Only the lines below from the one containing "Bolso Tote con" through the one containing "MINI DOT von" belong in the answer, set down exactly, with the pictures left out.
DATA FOR THIS EXERCISE Block Start
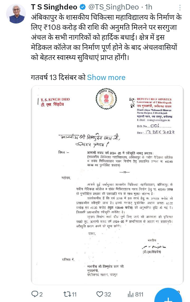 टी.एस. सिंह देव ने अंबिकापुर के शा. चि. महा. के निर्माण के लिए ₹108 करोड़ की अनुमति मिलने पर हार्दिक बधाई दी।
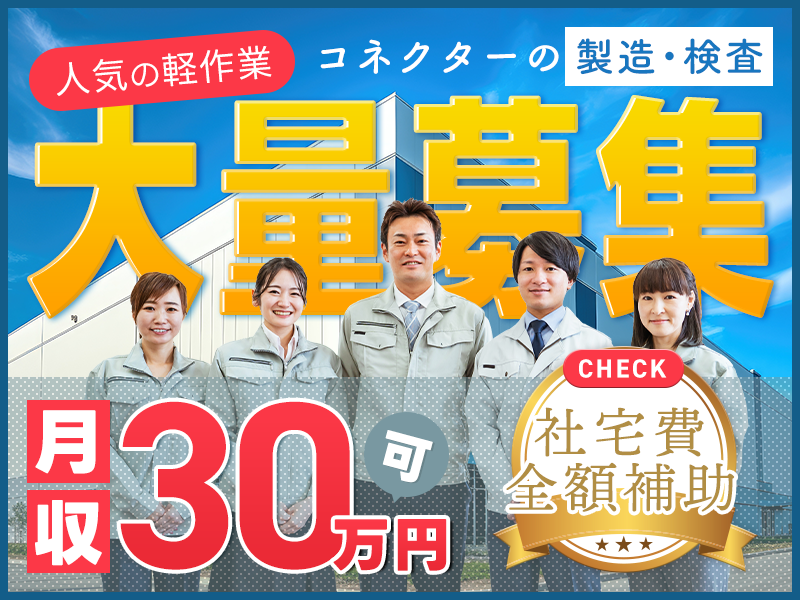 社宅費全額補助◎月収30万円可!未経験OK♪コネクターの製造・検査!人気の軽作業メイン
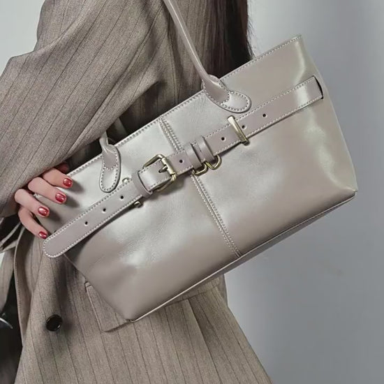 Bolso Tote con Cinturón de Cuero Genuino Ash Etéreo para Mujer
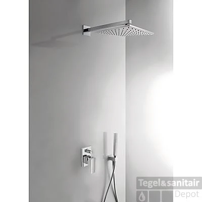 Een stijlvolle regendouch met een doorsnede van maar liefst 250mm. Ook antikalk handdouche met massage douchekop en satijnslang. Strak design inbouw regendouche met regendouche van hoogwaardige kwaliteit! Messing verchroomde kraan. Met de chrome afwerking behoud het jarenlang zijn glans. Technische tekening is aanwezig.
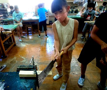 3年生/図工「ノコギリひいてザク ザク ザク」
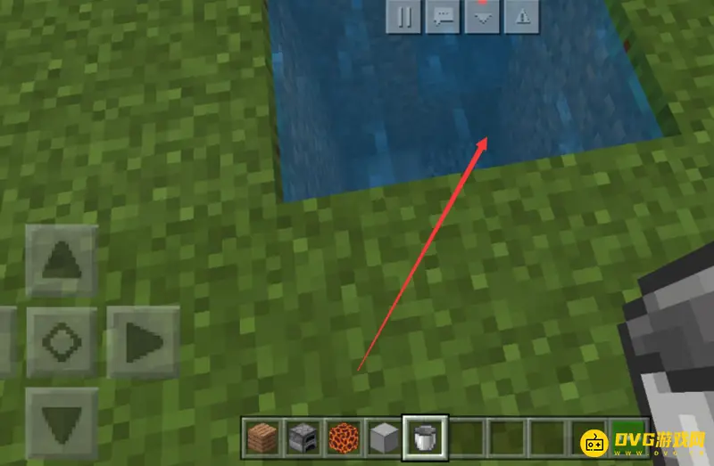 2.用铁桶直接点击水,即可成功装水,想要把水放出来,在地上点击一下即可把水再放出来。
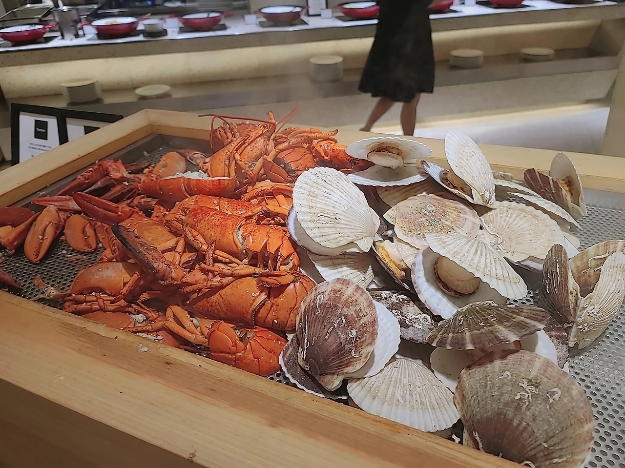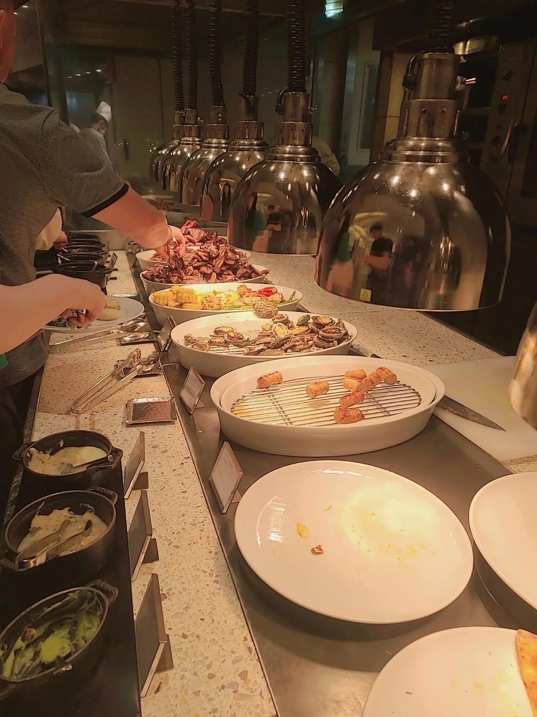사람들이 접시째 가리비와 랍스터를 가져가며 금세 바닥을 보이지만 곧바로 직원이 큰 통으로 가져와 다시 쌓아놓는다. 오픈하고 직후나 붐비지 이후는 여유롭게 가져다 먹을 수 있다. 더 안쪽으로 고기들이 있는데 소시지는 지나가고 뒤로 있는 스테이크와 LA갈비 들도 여러 명의 조리원들이 붙어 구워내기 바빴다.
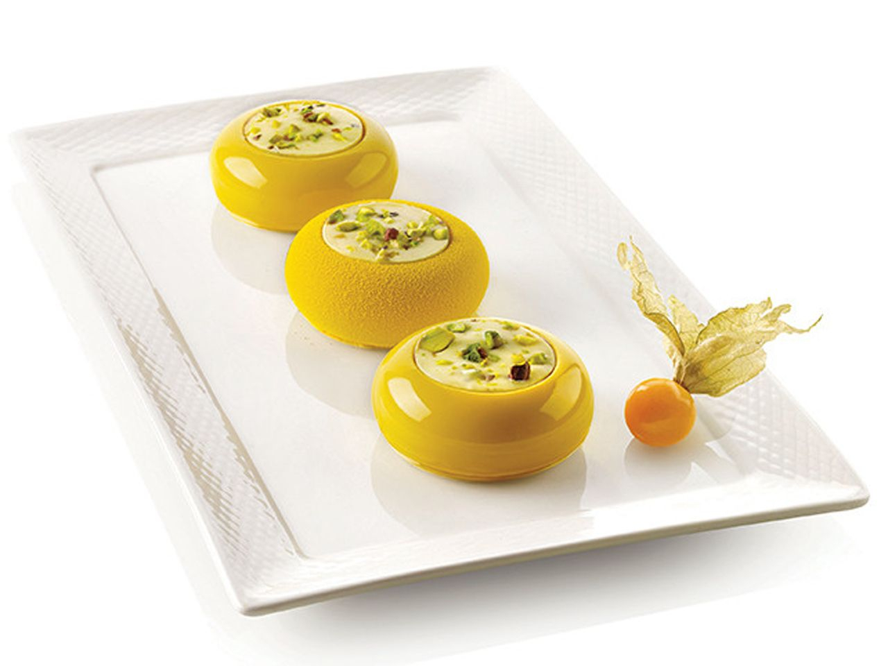 MINI DOT von Silikomart ist die Form zur Herstellung von 6 einfachen und schnell gemachten Einzelportionen, passend für jede Gelegenheit. Praktisch und vielseitig, so wird diese Form der ideale Verbündete bei deinen Experimenten in der Küche. Jede Vertiefung der Form Mini Dot der Linie 3Design von Silikomart verfügt über einen speziellen inneren Rand, welcher den Böden eurer Zubereitungen eine leichte Rundung verleiht. Mini Dot garantiert perfekte Ergebnisse, nicht nur als Halbgefrorenes oder Mousse, sondern auch gebacken.
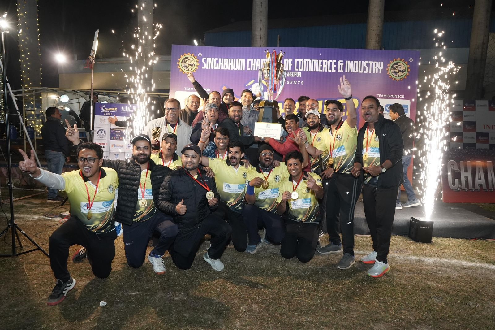 Jamshedpur: सिंहभूम चैम्बर ऑफ कॉमर्स एंड इंडस्ट्री द्वारा आयोजित दो दिवसीय पांचवें चैम्बर प्रीमियर लीग का भव्य समापन बुधवार देर रात ट्यूब मेकर्स क्लब ग्राउंड (Tube Makers Club Ground) में हुआ। इस टूर्नामेंट के रोमांचक फाइनल मुकाबले में पी.एस.टी.-11 ने एकतरफा प्रदर्शन करते हुए पीआरडब्ल्यू-11 को 134 रनों के विशाल अंतर से शिकस्त देकर खिताब अपने नाम किया।
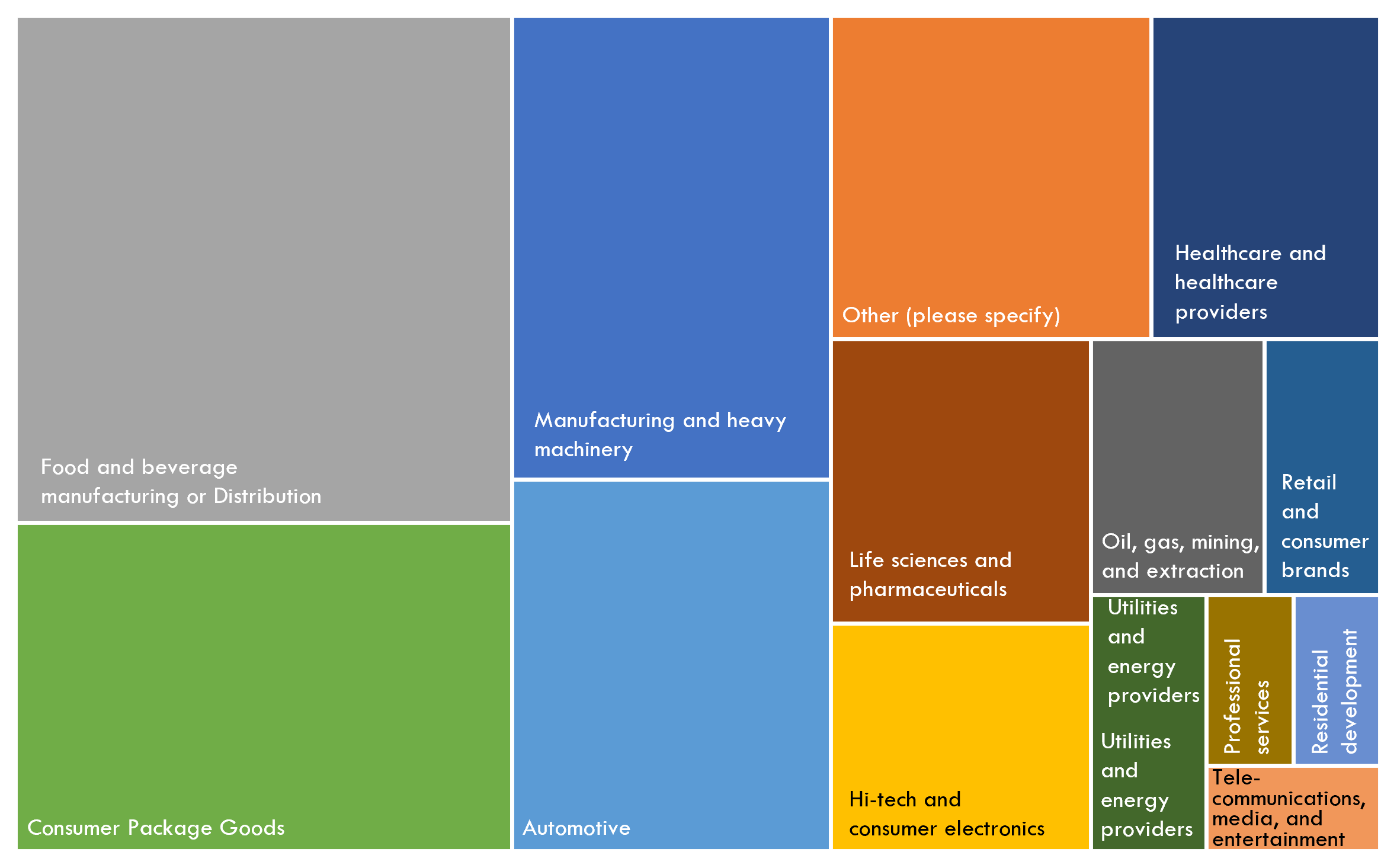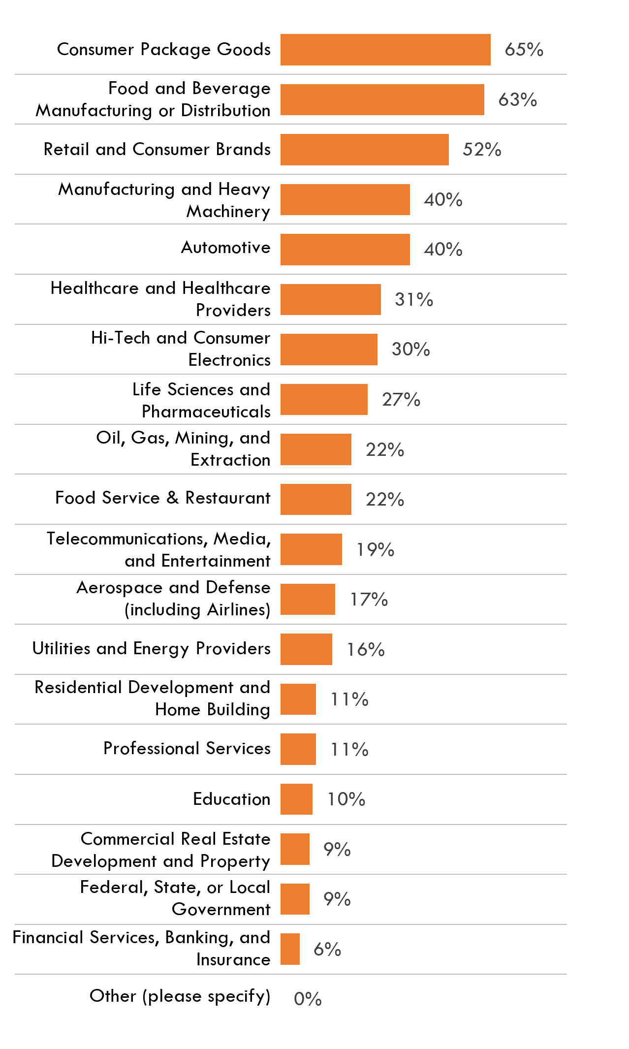 Shipper respondents are typically senior managers, directors, vice presidents and above from a mixture of different industries. Figure 49 shows the 10 most prominent industries reported by users of 3PL services, including food and beverage manufacturing or distribution (22%), CPG (14%), retail and consumer brands (3%), manufacturing and heavy machinery (13%), and automotive (10%).
DATA FOR THIS EXERCISE Block End
**OUTPUT FOR THIS TASK:**
 Bolso Tote con Cinturón de Cuero Genuino Ash Etéreo para Mujer
 Een stijlvolle regendouch met een doorsnede van maar liefst 250mm. Ook antikalk handdouche met massage douchekop en satijnslang. Strak design inbouw regendouche met regendouche van hoogwaardige kwaliteit! Messing verchroomde kraan. Met de chrome afwerking behoud het jarenlang zijn glans. Technische tekening is aanwezig.
 3年生/図工「ノコギリひいてザク ザク ザク」
 2.用铁桶直接点击水,即可成功装水,想要把水放出来,在地上点击一下即可把水再放出来。
사람들이 접시째 가리비와 랍스터를 가져가며 금세 바닥을 보이지만 곧바로 직원이 큰 통으로 가져와 다시 쌓아놓는다. 오픈하고 직후나 붐비지 이후는 여유롭게 가져다 먹을 수 있다. 더 안쪽으로 고기들이 있는데 소시지는 지나가고 뒤로 있는 스테이크와 LA갈비 들도 여러 명의 조리원들이 붙어 구워내기 바빴다.
 MINI DOT von Silikomart ist die Form zur Herstellung von 6 einfachen und schnell gemachten Einzelportionen, passend für jede Gelegenheit. Praktisch und vielseitig, so wird diese Form der ideale Verbündete bei deinen Experimenten in der Küche. Jede Vertiefung der Form Mini Dot der Linie 3Design von Silikomart verfügt über einen speziellen inneren Rand, welcher den Böden eurer Zubereitungen eine leichte Rundung verleiht. Mini Dot garantiert perfekte Ergebnisse, nicht nur als Halbgefrorenes oder Mousse, sondern auch gebacken.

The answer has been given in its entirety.